Maar de toon van Bogerds uitspraken lijkt op het eerste gezicht ook slecht te sporen met wat partijvoorzitter Kolijn onlangs zei in een interview met de regionale dagbladen van de GPD. „Wij willen niets omver werpen en eisen van niemand zo te denken en te leven als wij”, aldus Kolijn. En even later: „Als iemand homoseksueel is, zal ik echt niet eisen dat-ie heteroseksueel wordt en ik zal hem zeker niet vervolgen. Of een homo bij mij in geval van oorlog zou kunnen onderduiken? Ja, natúúrlijk!”
Toch loopt het bij nader inzien met de tegenstelling tussen beide partijgenoten niet zo’n vaart. Wie de twee interviews nauwkeurig leest, valt eerder een hoge mate van overeenstemming op. Beide SGP’ers maken een scherp onderscheid tussen privé-sfeer en publieke sfeer, en tussen vrijheid van meningsuiting en vrijheid van godsdienst. Kolijn: „Wat ik zou doen als ik het in Nederland voor het zeggen had? Simpel: dan zou ik ons verkiezingsprogramma uitvoeren. Geen euthanasie, geen abortus, geen openlijke seksualiteit, geen pornografie, geen vrouwen in partijfuncties, geen erkenning van het homohuwelijk, geen winkels op zondag open, geen draagmoederschap en een verbod op het klonen van mensen en dieren.”
En vervolgens: „Homoseksuelen zal ik niet anders behandelen dan heteroseksuelen. (…) Wat u thuis doet, moet u zelf weten. Maar als het gaat om de samenleving, om hoe wij met elkaar in de openbaarheid leven, dan heb je het over iets anders.”
Maar andere politieke partijen? Kolijn: „Ik zal geen enkele politieke partij verbieden.” En even later: „Ik wil een democratie die gebaseerd is op de tien geboden.”
Dat laatste wil bij nader inzien ook Bogerd. Voor de EO-microfoon: „De democratie afschaffen? Dat is wel erg kort door de bocht.
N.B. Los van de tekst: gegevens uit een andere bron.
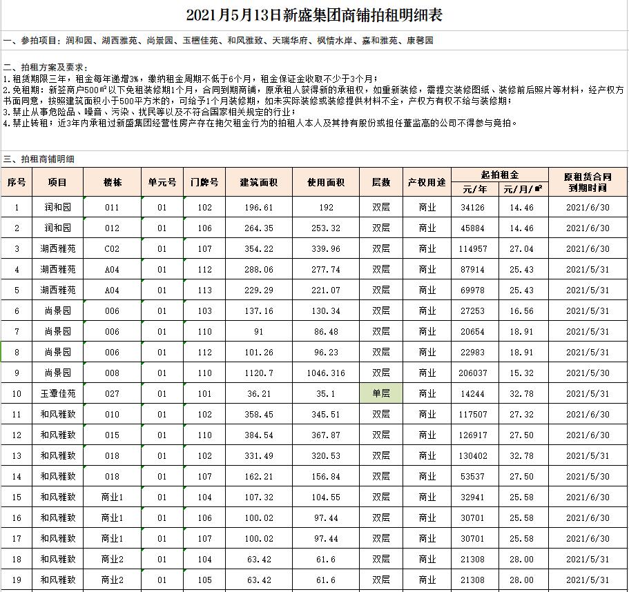 即日起展示。有意者請持有效證件至我公司報名,并交納每間商鋪1萬元保證金即可參拍,報名截止至5月12日16時。
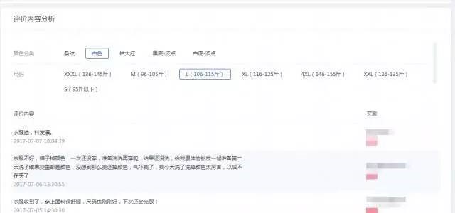 評(píng)價(jià)內(nèi)容分析也是一個(gè)非常重要的指標(biāo),從這里你可以看到每一個(gè)顏色、每一個(gè)尺碼的買家評(píng)語(yǔ)。

Ik zeg het liever zo: Op het moment dat de SGP de meerderheid heeft, zal de Bijbel leidraad zijn voor het regeringsbeleid. Denk maar aan de periode voor de Tweede Wereldoorlog toen de hele wetgeving nog doordrenkt was van christelijke principes.” Worden andere partijen in zo’n situatie dan verboden? „Nee, zeker niet.”
Rest de vraag of het verstandig is dat SGP’ers zich uitlaten over de denkbeeldige situatie dat zij in de meerderheid zijn. Luidt les 1 van elke mediatraining voor politici niet: Ga nooit, nooit in op als-danvragen? Maar zo eenvoudig ligt het in dit geval niet. Zeker na 11 september móét de SGP zich verweren tegen het verwijt zij de Nederlandse Taliban is. Daarbij zijn het SGP standpunt over vrouwen én de houding van de staatkundig gereformeerden over de democratie kernpunten.
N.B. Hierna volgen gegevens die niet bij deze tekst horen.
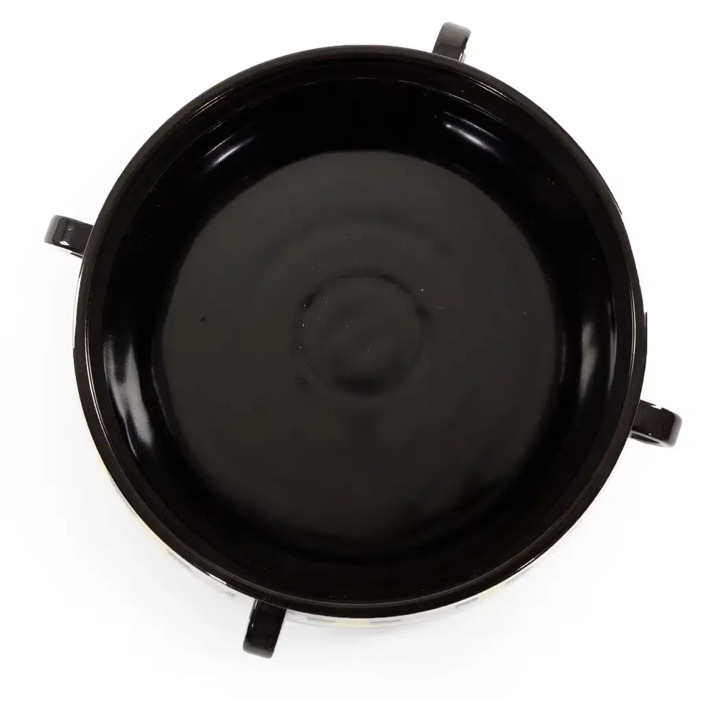 This striking centerpiece exudes playful elegance. It was designed in 1985 by the pattern designer of the Memphis group, Nathalie Du Pasquier, and crafted of ceramic. The internal surface of the bowl and the four small handles are painted black, while the white exterior is adorned with a colorful band with asymmetrical patterns in yellow and pink with black details. This piece will make a superb centerpiece on a modern dining table or an eye-catching display container for collectibles on a contemporary coffee table.

Dit verwijt kan niet afgedaan worden met een simpele ontkenning, maar moet gevolgd worden door een summiere aanduiding van wat de SGP dan wél voorstaat. Zo’n aanduiding maakt in elk geval glashelder waar het verschil met de ChristenUnie schuilt. Dat iemand als Kolijn bij die aanduiding een ander accent zet dan Bogerd, lijkt onvermijdelijk.
Want zolang er een SGP bestaat, zal die tot op zekere hoogte blijven worstelen met de praktische uitwerking van artikel 36 en alles wat ermee samenhangt. Het onderscheid tussen openbaar en privé mag op zich helder zijn, het einde van alle discussie is het niet. Want het blijft veel woorden kosten om uit te leggen dat een moslim wel vrijheid van meningsuiting heeft en zeggen mag dat Allah god is, maar dat hij dat niet samen met vijf geloofsgenoten mag doen. En wat zou een SGP-meerderheid eigenlijk doen met een moslimpartíj?